Monday, March 27, 2023

Although the lengthy parsha of Naso includes numerous different topics, the Rabbis chose the mitzvah of nezirut to be the bridge to connect us to the parsha and, by necessity, it had to relate the story of Shimshon HaGibor. “By necessity,” because there is no person in all of Tanach who is identified as a nazir except for Shimshon (there is an argument in the Talmud as to whether Shmuel HaNavi was a nazir precisely because the text never calls him such).

The haftarah is taken from the Book of Shoftim (chapter 13), which relates to us the miraculous birth of Shimshon to a once-barren woman and the laws of nezirut that would guide him throughout his life. We read almost nothing about Shimshon’s life in this haftarah and certainly that is understandable, as the theme that connects us to the parsha is that of the strictures imposed upon the nazir—which is precisely what the haftarah relates as well.

And yet, one can imagine that Chazal’s choice of only this perek may have also been based on the fact that much of the Samson story is troubling. Like the greats of Israel, Yitzchak, Yaakov, Yosef and Shmuel, he was born to a barren woman and, like Yitzchak, his miraculous birth was harbingered by God’s angel. Shimshon would be the savior of Israel who would begin to cast off the yoke of Philistine rule and a man who, as the final words of the haftarah reveal, would have the spirit of Hashem “resound” in him.

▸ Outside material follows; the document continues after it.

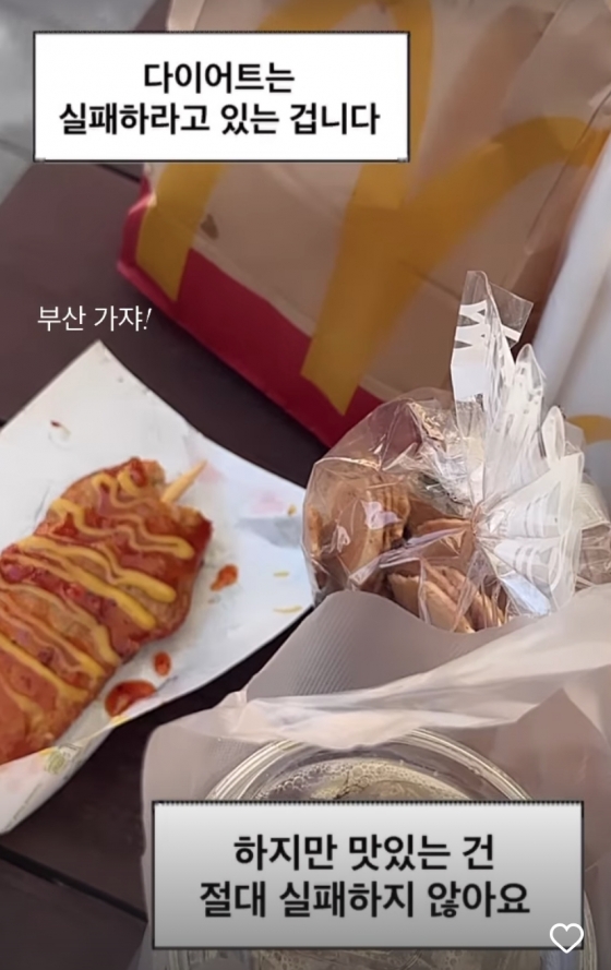 사진에는 맥도날드 포장 봉지와 과자, 튀김 꼬치 등이 담겨 있었다.

But as we continue his story in the subsequent chapters, we read of a man who is the only shofet who fails to organize an army behind him and who battles the enemy only for personal revenge. His own people do not rally around him and even hand him over to the enemy! His marriage to a Philistine woman and his downfall through the hands of another Philistine woman, his rather hedonistic lifestyle and his ongoing attachment to the Philistines, hardly depict a nazir-like spiritual giant we would expect from one who had the spirit of Hashem “resounding” in him. The very fact that the Plishtim remained a powerful adversary of Israel throughout his life so that Shimshon, weakened and subsequently imprisoned, died having been blinded by the very enemy he was to subdue, makes us wonder if indeed he kept Hashem’s charge to begin casting off the yoke of the Philistines.

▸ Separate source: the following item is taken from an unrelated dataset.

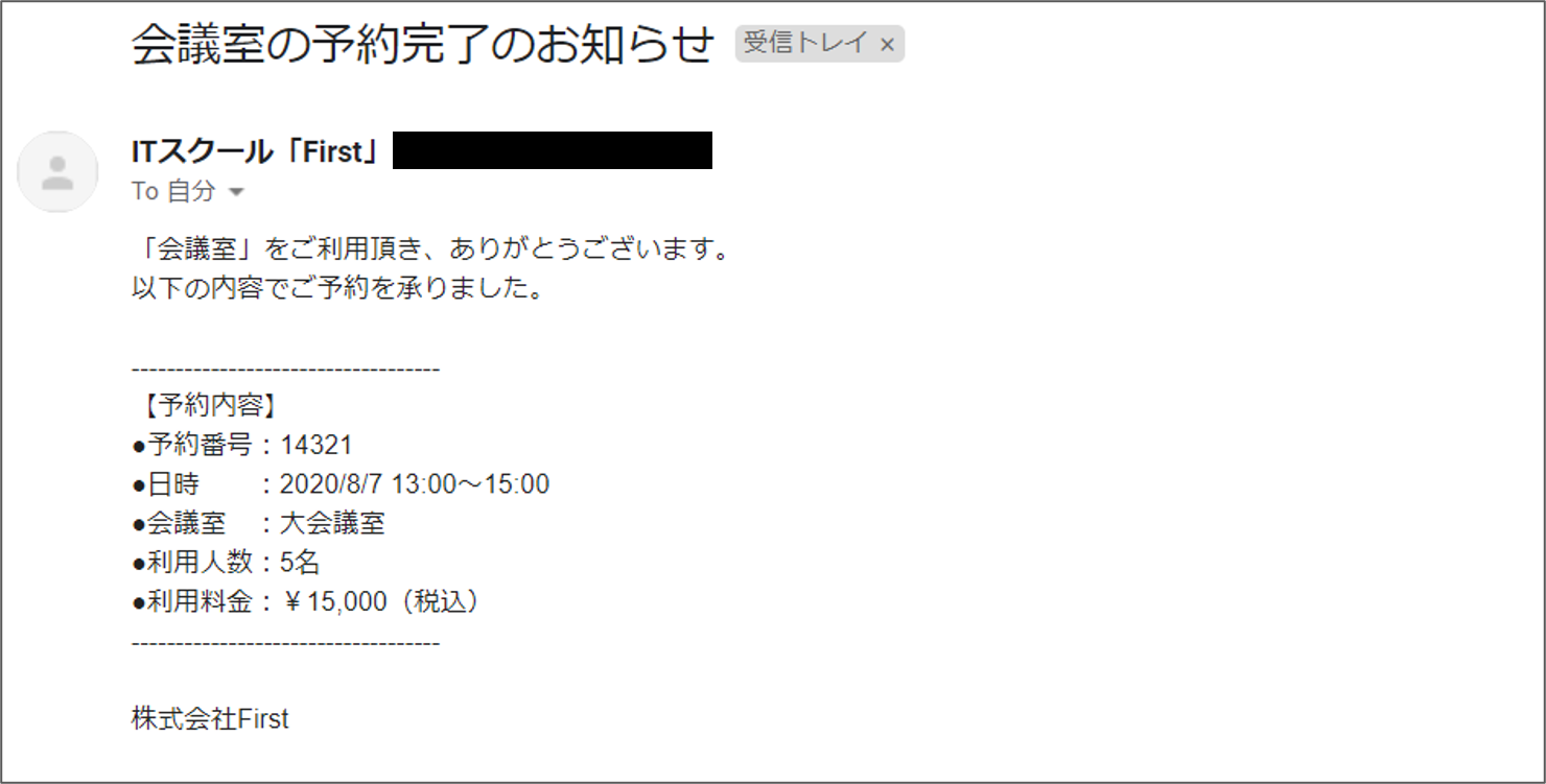 「会議室」をご利用頂き、ありがとうございます。 以下の内容でご予約を承りました。 ------------------------- 【予約内容】 ●予約番号:14321 ●日時 :2020/8/7 13:00~15:00 ●会議室 :大会議室 ●利用人数:5名 ●利用料金:¥15,000(税込) ------------------------- 株式会社First

However, this troubling story of the final judge in the Book of Shoftim must also be understood as a criticism of the entire nation who, knowing of his miraculous birth and the promise he held for them—a promise given by an angel of God—nonetheless fail to join him and support him. They appear passive and submissive, fearful and meek. No leader, no matter how great, can be successful without willing followers. The nation’s lack of faith in Hashem and in His promises prevents Shimshon from living up to his potential.

God grants us opportunities—but it is up to us see them, believe in them and take advantage of them. A message we would do well to remember.

By Rabbi Neil N. Winkler

Parshat Naso

 Rabbi Neil Winkler is the Rabbi Emeritus of the Young Israel of Fort Lee and now lives in Israel.